PROVIDED DATA:
--------

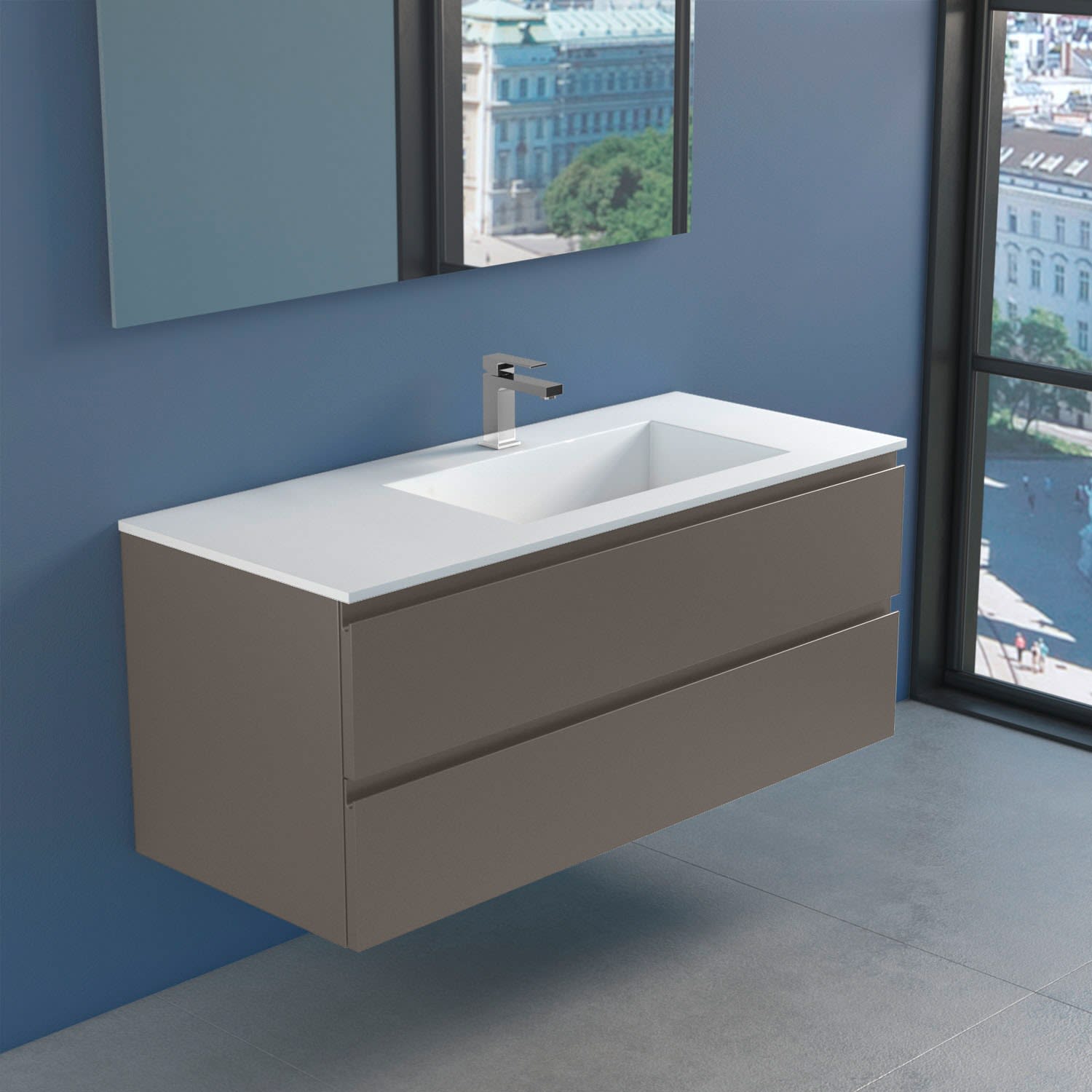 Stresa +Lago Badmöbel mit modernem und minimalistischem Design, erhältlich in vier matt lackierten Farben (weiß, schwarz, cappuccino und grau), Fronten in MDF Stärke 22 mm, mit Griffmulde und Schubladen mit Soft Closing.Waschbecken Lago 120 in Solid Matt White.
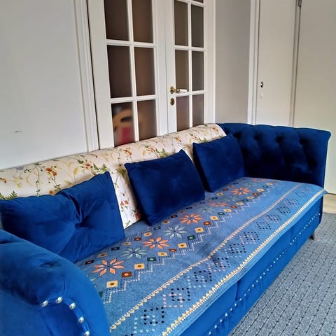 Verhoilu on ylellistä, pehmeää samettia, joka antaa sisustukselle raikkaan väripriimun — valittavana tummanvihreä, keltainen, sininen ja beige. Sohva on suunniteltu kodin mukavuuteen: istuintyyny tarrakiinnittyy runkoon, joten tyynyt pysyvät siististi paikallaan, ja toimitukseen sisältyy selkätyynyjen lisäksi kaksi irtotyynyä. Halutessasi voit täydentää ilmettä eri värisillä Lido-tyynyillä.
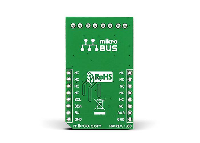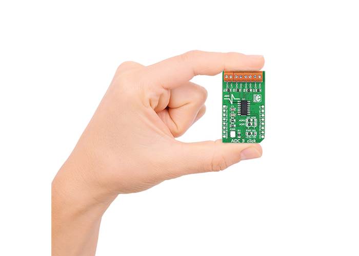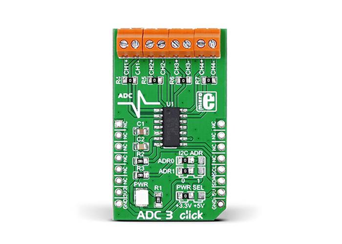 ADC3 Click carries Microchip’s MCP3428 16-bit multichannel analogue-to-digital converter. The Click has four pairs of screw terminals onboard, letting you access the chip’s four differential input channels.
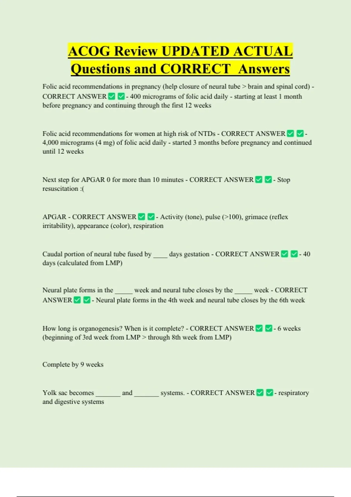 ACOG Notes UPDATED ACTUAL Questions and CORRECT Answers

--------

WHAT TO PRODUCE: Leave the pictures out and return the rest of the material exactly.

REPLY:
 Stresa +Lago Badmöbel mit modernem und minimalistischem Design, erhältlich in vier matt lackierten Farben (weiß, schwarz, cappuccino und grau), Fronten in MDF Stärke 22 mm, mit Griffmulde und Schubladen mit Soft Closing.Waschbecken Lago 120 in Solid Matt White.
 Verhoilu on ylellistä, pehmeää samettia, joka antaa sisustukselle raikkaan väripriimun — valittavana tummanvihreä, keltainen, sininen ja beige. Sohva on suunniteltu kodin mukavuuteen: istuintyyny tarrakiinnittyy runkoon, joten tyynyt pysyvät siististi paikallaan, ja toimitukseen sisältyy selkätyynyjen lisäksi kaksi irtotyynyä. Halutessasi voit täydentää ilmettä eri värisillä Lido-tyynyillä.
 ADC3 Click carries Microchip’s MCP3428 16-bit multichannel analogue-to-digital converter. The Click has four pairs of screw terminals onboard, letting you access the chip’s four differential input channels.
 ACOG Notes UPDATED ACTUAL Questions and CORRECT Answers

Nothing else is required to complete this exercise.